Page World – A Dungeon World hack by Brian Holland

“Live like real people. Get a small party; those that feel the need to be free… take quests as they come… Never be under the heel of nobody ever again.” Find a Party. Find a Quest. Keep Adventuring!

Tabletop Terrors: Learn to Play D&D talks about creating a mission statement for your design goals, and that has really helped me with this. The mission statement for this project was “I want to create a one-page fantasy questing game using Dungeon World rules, that feels like Firefly.”

I built this because some friends wanted to “play a fantasy version of Firefly”. I love Firefly and Dungeon World, but didn’t want to make a bunch of classes or moves, so I attempted to abstract everything down as much as possible.

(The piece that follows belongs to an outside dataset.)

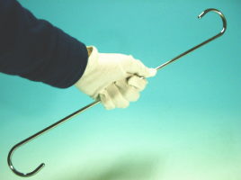 お手軽に何かを引っ掛けるのあればこのSカンです。 鉄にクロームメッキを施した、S字フックです。 【このシリーズのSカンのサイズ(約)一覧(単位:ミリ)】 呼称 全長 円部分の直径 入り口 線径 使用荷重 (参考値) A B C D E 4×85 85 35 35 20 20 4 8kgf 5×150 150 42 42 36 36 5 10kgf 6×180 180 42 42 36 36 6 15kgf 6×300 300 42 42 38 38 6 20kgf 6×450 450 42 42 38 38 6 20kgf 業平チェーン(ひょうたん印)の製品です。 【関連商品】 セット販売 4×85 / 5×150 /6×180 / 6×300 /6×450 同じシリーズのステンレス製のSカンはこちら / S字フックのコーナー / スーパーロングSカン / 金具一覧 メール便でのご送付につきまして ■ クロームメッキSカン Q&A ■ Q.よく見ると、一部、クロームメッキが、はがれているように見える部分があるのですが。 A.こちらのページのSカンは、形状とコスト面の問題から、 「回転式」のクロームメッキ作業ができず、「吊り下げ式」のメッキ作業となってしまい、 どうしても接点が必要となり、その位置は、クロームメッキが 載らない状態になってしまいます。 ただ、こちらのページのSカンはすべて、鉄の上に、 「銅メッキ、ニッケルメッキ、クロームメッキ」という三段階での メッキが施されているため、すぐに錆びてしまうという心配は、 ございませんので、ご安心ください。 ※メーカーによりますと、メッキの工場が二ヶ所あり、LOTによっては 「ニッケルメッキ、ニッケルメッキ、クロームメッキ」となる場合もございます。 いずれの場合も、ニッケルメッキがむき出しになっている部分はございますが、 鉄がむき出しの部分はございませんので、ご安心ください。

This is version 1.0 and we’ll be playing tonight. Any and all feedback will be most happily received (even if you tell me it’s crap!).

https://docs.google.com/document/d/1xRkWar4b4Rlg7Gz50vUps9QnQEWb_O73aVJZYFDsM1I/edit?usp=sharing

10 thoughts on “Page World – A Dungeon World hack by Brian Holland”

  1. Thanks, I’ll definitely take a look at Skycutters. Joe Banner can you post a link. I’m watching Out of Gas right now (my favoriute episode) because I wanted to hear exactly what Mal said to Zoe when he first showed her the ship.

    Also, I made it “Page World” instead of “Firefly World” because I want it to be more versatile. You can change the description text, the quest givers and the rewards and make it feel like anything you want… Star Trek, Star Wars, Leverage. A few very simple changes to make it feel different.

  2. Skycutters looks awesome! I’m reading it right now (and watching Ariel, my second favorite episode, which also just happens to be the next episode on the disc lol)

  3. Thanks Colin Kierans. Yeah, without classes, moves and stats I feel that’s the only way I could handle it. Stats (Descriptors) and classes (Roles) do exist, but at a much more abstracted level.

    So your character get bonuses for acting in ways that those things apply towards, but get a -1 for acting in ways totally unfamiliar to them: a Strong Orc Healer would get + 1 to healing, or a + 2 to breaking through a gate. But she’ll get a -1 if she tries to seduce a merchant.

    There are two things I’ll be tweaking when we play tonight:

    1) I want to find a better racial skill for the Dwarf

    2) Without XP the Bonds are very different than DW. I’ve written Bonds as giving a + 1 forward, but I may end up doing something sightly different with it. My thoughts are a bonus d4 (so that it’s easy to track; you either have one or you don’t) that you can add to any single roll. You can only have one at a time, once you use it it’s gone, and you have to decide to use it before you roll your 2d6.

    These are some things I’ll talk about with my friends tonight.